Que dit l'hystérie verbale ?
Rhétorique. De certaines images politiques affleure souvent la démesure grandiloquente, sinon grotesque, des personnages qui les incarnent, comme la signification symbolique de notre époque. À quelques mois d’échéances électorales majeures «perdues d’avance», beaucoup pensent la gauche en déroute, qu’elle ne sait plus où elle va ni comment. Soit. Encore conviendrait-il de savoir de quelle gauche nous parlons. Dans la séquence actuelle, où les bonnes âmes consacrent à longueur d’antenne «l’union pour survivre» face à la droite extrême de François Fuyons et l’extrême droite de Fifille-la-voilà, la tentation faible des médias dominants et des «penseurs de gôche» tenant chroniques un peu partout consiste à encenser –la forme comme le fond d’ailleurs– le premier discours de Macron-la-finance. Le cirque du «petit prodige» transformé en «homme providence» recommence, alimenté par la rhétorique de l’ancien ministre de l’Économie lors de son meeting, porte de Versailles. Partant de l’adage intellectuel qui consiste à dire que plus nous nous crions haut et fort moins nous avons de choses sincères à exprimer, la harangue surréaliste du candidat d’En Marche!, prisonnier d’une exaltation surjouée jusqu’aux ultimes mots prononcés, se révèle une authentique plongée dans la supercherie des communicants, qui nous ont habitués à l’aspiration par le vide. Qu’avons-nous vu en vérité? L’ex-ministre de la Culture, Aurélie Filippetti, a-t-elle tort en affirmant que les envolées de Macron-la-finance ressemblaient aux prêches vitaminés du personnage campé par Leonardo DiCaprio dans le film le Loup de Wall Street, de Martin Scorsese? Confondre à ce point charisme et hurlements, art oratoire et hystérisation de son propos, a quelque chose de confondant sinon d’inquiétant.Nous n’irons pas jusqu’à prétendre que le trader sommeille sous l’homme. En revanche, nous savons que sous le projet politique, mâtiné d’oraison funèbre pour le socialisme, nous apparaît clairement l’ambition d’une société de type capitaliste décrispé, où l’argent et la réussite par l’argent deviennent valeur cardinale. Il y a du Tapie chez lui, en plus classieux, en plus éduqué.

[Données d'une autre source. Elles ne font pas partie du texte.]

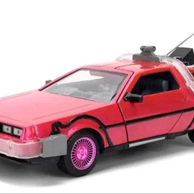 다이캐스트 소재의 핑크색 델로리안, 백 투 더 퓨처 타임머신 모델.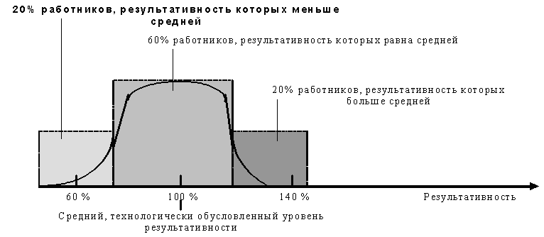 результативность лучшего работника в 2-3 раза превосходит результативность худшего;

«Googlisation». Vous clamerez, et vous aurez raison, que nous étions déjà informés sur le profil de l’éphémère conseiller de Normal Ier. Souvenons-nous. Dans l’exercice de sa fonction à la tête de l’économie française, l’une des administrations les plus régaliennes qui soient, Macron-la-finance possédait déjà une double singularité. D’abord et avant tout, il se prenait pour ce qu’il n’était pas : un ministre de gauche. Ensuite, autant l’admettre, il regardait le peuple de gauche comme Tintin au Congo, avec mépris et défiance. Avec lui, la «libre parole», qualifiée de «moderne», avait déjà l’apparence non pas des trahisons –que peut-il trahir d’une famille dont il n’est pas membre?– mais bel et bien d’une forme de condescendance nourrie à l’acide financier. S’il veut «façonner le capitalisme à l’image de nos ambitions», il tente de porter l’habit du «progressiste» mais souhaite néanmoins abolir les 35 heures, en finir avec le statut de la fonction publique («plus adapté au monde tel qu’il va», «un statut plus justifiable», déclare-t-il) et, bien sûr, libéraliser à tout va l’économie française pour «l’adapter à la globalisation», etc. Là où un homme authentiquement de gauche proposerait prioritairement de réinvestir le champ des idées et des principes fondateurs du pacte républicain et de la citoyenneté afin de sécuriser la situation sociale, Macron-la-finance avance tout le contraire. Ne vient-il pas d’attaquer les syndicats en suggérant que ces derniers faisaient «trop de politique»? Une critique tellement minable qu’on pourrait lui rétorquer que lui, pour le coup, n’en fait pas assez (de politique) en prônant la «googlisation» technocrate des idées. Façon Wall Street. [BLOC-NOTES publié dans l’Humanité du 16 décembre 2016.]